= John H. Dowd =

American advertising executive (1922–2004)

John H. "Jack" Dowd Jr. (1922–2004) was a Hershey Chocolate Company brand manager who negotiated the marketing agreement that placed Reese's Pieces in Steven Spielberg's E.T. the Extra-Terrestrial. He later worked as an advertising executive,

==Early life and education==
During World War II, Dowd served in an army infantry unit that conducted patrols behind enemy lines. He was awarded a Silver Star, three Bronze Stars, three Purple Hearts and the Combat Infantryman Badge. He was later transferred to Military Intelligence and discharged as a First Lieutenant.

After graduating from the University of Connecticut he was accepted at the Harvard School of Business at which he received his MBA in 1948.

After graduation, he spent a few years at Standard Brands before moving on to an 18-year career with advertising agencies in Boston and New York. Dowd directed the advertising for various products from margarine and meat spreads to chemicals and concrete.

==Hershey career==
In 1966, Dowd joined Hershey Chocolate Company. This was early in the new management of the company by Bill Deardon and Dowd was key in rethinking how the company operated. Prior to Dowd's hiring Hershey did not advertise, it used a network of product promoting salesmen to sell the product to wholesalers and groceries and assumed the buyers would make sure their product moved out to the general public. He focused on rethinking of who their customers were: not the wholesalers and grocery stores but the end consumers who ate the product. He began as brands manager and advanced to vice president of new business development.

Dowd was responsible in the 1970s for the promotional ad blitz that made Reese's Peanut Butter Cups a major success.

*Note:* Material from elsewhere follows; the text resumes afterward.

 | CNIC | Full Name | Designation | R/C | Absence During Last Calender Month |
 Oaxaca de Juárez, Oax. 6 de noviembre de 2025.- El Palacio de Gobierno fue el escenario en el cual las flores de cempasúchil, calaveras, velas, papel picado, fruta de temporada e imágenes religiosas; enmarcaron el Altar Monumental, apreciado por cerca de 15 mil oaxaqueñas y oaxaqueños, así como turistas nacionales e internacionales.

In 1982, Dowd negotiated a contract for Reese's Pieces to appear in Steven Spielberg's E.T. the Extra-Terrestrial, the first promotion in the company's history, as reported in People Dowd in his initial interactions with Soeiberger made sure that E.T. was a friendly alien before signing off on the deal. He also managed to get the product placement without having to pay for it. At the time, Reese's Pieces had been on the market only five years and sales skyrocketed after the film was released, especially in movie theatres.

He was named "Consumer Products Man of the Year" by Sales and Marketing magazine. His story was included in the book Emperors of Chocolate, a book by a person with familial connection to some of Dowd's colleges at Hershey about the late 1960s and into the 1970s turnaround at Hershey that Dowd was a part of, and in the February 1999 issue of Reader's Digest. In 1999 he was inducted into the University of Connecticut School of Business Hall of Fame.

==Personal life==
Dowd and his wife Mary Ann met while both students at the University of Connecticut. They had two children.